The foundation of my civic engagement is my belief that a good public policy or laws may not give one group everything they want, but every group something they need. This outcome is impossible unless everyone is represented and everyone's needs are considered in issue-solving plans. The Equity Impact statement voted and approved by my local school board does address the needs of all students. The most important being that all students need to not only learn reading, writing and arithmetic, but critical thinking skills, that is, the ability to receive and decipher information in order to make choices. Leaving out facts and truth about our shared history from the education process eliminates the ability of all students to make important life choices and that strips away all of our freedom.

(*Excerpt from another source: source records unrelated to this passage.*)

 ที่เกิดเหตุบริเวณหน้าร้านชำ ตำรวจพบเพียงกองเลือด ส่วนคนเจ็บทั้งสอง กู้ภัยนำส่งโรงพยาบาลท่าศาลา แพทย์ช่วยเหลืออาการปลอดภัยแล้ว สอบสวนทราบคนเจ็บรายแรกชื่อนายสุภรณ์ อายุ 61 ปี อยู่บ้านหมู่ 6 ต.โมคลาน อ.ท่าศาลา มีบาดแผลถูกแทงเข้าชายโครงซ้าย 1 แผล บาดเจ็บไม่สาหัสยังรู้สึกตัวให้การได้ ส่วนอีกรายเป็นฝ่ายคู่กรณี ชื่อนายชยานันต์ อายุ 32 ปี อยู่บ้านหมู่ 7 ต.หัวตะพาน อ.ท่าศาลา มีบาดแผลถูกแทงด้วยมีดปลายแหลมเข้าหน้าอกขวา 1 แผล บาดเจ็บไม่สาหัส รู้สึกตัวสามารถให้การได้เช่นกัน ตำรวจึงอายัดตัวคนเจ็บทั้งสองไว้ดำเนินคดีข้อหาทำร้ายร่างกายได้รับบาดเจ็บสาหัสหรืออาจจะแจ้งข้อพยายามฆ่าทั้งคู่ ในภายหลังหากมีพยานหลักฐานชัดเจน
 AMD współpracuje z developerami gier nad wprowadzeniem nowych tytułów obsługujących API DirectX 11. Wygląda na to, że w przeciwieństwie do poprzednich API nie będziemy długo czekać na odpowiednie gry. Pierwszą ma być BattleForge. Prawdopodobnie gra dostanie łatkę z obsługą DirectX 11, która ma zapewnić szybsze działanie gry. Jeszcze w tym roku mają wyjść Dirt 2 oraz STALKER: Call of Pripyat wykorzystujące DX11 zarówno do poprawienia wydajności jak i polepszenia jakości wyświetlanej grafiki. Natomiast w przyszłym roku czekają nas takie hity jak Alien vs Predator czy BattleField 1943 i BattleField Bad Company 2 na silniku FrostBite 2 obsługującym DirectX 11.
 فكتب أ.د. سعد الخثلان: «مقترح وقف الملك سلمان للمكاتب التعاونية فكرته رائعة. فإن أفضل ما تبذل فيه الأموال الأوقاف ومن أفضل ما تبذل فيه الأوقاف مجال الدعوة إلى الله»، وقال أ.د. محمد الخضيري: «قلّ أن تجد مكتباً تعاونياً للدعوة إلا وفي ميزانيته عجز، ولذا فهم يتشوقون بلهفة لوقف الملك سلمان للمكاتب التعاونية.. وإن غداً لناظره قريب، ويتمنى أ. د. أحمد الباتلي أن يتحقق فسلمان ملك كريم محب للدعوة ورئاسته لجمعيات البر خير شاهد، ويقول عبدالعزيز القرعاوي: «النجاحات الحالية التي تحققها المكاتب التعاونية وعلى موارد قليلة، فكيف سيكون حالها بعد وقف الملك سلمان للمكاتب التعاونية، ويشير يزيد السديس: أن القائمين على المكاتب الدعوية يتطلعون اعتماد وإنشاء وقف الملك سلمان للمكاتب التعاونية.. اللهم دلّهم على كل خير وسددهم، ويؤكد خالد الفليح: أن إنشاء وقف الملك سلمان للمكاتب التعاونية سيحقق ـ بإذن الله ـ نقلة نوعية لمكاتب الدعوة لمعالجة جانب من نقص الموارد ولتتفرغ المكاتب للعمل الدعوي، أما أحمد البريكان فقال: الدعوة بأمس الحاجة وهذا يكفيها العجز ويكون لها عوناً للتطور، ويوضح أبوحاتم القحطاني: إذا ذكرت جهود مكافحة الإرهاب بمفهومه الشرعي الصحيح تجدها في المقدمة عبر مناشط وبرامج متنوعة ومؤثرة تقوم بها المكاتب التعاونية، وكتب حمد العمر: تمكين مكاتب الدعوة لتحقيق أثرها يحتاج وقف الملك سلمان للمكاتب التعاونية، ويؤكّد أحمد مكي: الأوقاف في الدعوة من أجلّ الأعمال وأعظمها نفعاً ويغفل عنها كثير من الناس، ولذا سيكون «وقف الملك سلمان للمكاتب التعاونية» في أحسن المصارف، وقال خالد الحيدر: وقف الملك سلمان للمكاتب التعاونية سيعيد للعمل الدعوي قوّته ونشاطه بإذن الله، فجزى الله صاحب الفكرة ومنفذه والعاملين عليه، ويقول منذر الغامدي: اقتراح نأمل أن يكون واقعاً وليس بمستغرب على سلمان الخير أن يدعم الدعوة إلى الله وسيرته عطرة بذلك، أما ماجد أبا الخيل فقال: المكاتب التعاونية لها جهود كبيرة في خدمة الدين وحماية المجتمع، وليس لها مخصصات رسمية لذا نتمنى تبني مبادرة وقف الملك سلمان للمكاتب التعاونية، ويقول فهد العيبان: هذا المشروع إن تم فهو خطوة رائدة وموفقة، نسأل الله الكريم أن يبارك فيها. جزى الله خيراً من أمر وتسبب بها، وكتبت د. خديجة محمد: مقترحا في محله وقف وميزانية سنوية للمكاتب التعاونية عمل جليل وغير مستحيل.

As I processed the vitriol and ugliness of my neighbors grappling with accepting change under the guise that treating black and brown students fairly meant subjecting white students to self loathing, I am grateful my family dynamic gave me a different perspective, another point of view that influenced my choice to support the new school policy. I remembered that when we face the unpleasant, scary stuff head on together, our collective courage is the best way to overpower our individual ignorance and fear. The best way to weigh all sides and figure out what matters to each of us. The clearest lens to recognize the failings and frailty of human nature regardless of ethnicity or religion.
I allowed our family motto: if the rest of the world was like us, it would be a better place, to propel me not wait to read how profound other writers address this moment, but to write my family's story, and share what I know from personal experience to be true, that it is easier to be respectful of the dignity and humanity of all mankind when you walk through life confident and determined to be the best you can be, always mindful that all men and women are created equal.